> EXERCISE GOAL: Nothing but the lines from the one containing "Pièce au rez-de-chaussée, à" to the end of the data should be returned, each exactly as written.

> COLLECTED MATERIAL:
===
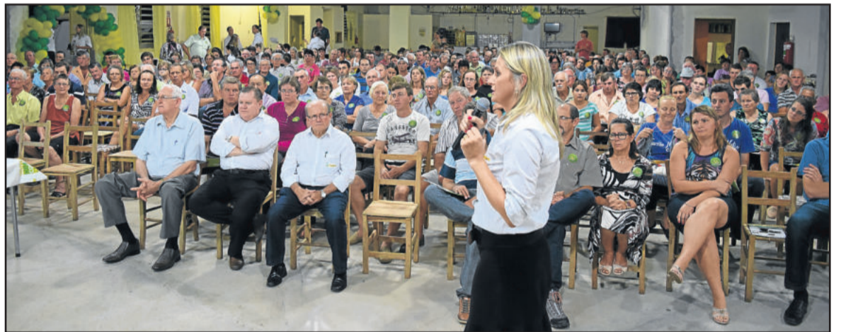
Colinas recebeu assembleia no dia 2 de março

As Assembleias deste ano são festivas junto às comunidades, pois marcam a comemoração dos 35 anos da Cooperativa, que acontece em 2016. Para esta data especial, a Sicredi Ouro Branco lança aos associados uma promoção intitulada Aniversário Premiado. Através da utilização de produtos e serviços, os associados poderão receber cupons para concorrer a dois carros 0km Chevrolet, um Cruze e um Onix, 19 Smart TVs 42" e 19 Home Theaters. A promoção inicia no dia 14 de março e encerra no dia 19 de agosto.
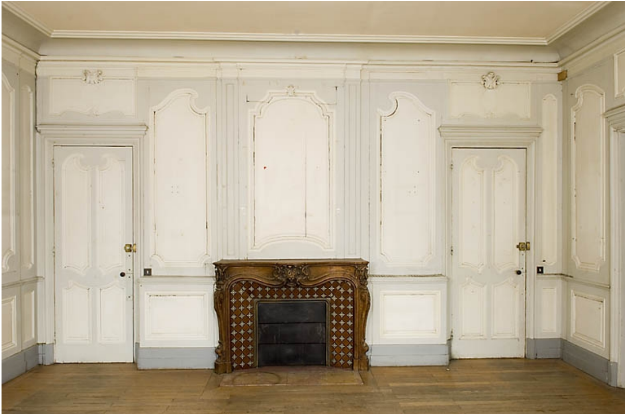
Pièce au rez-de-chaussée, à droite du passage cocher : vue de face avec la cheminée.

25, Besançon, 9, 9 bis rue Charles Nodier, lieudit : îlot Banque de France
===
> SOLUTION TO THIS TASK:
Pièce au rez-de-chaussée, à droite du passage cocher : vue de face avec la cheminée.

25, Besançon, 9, 9 bis rue Charles Nodier, lieudit : îlot Banque de France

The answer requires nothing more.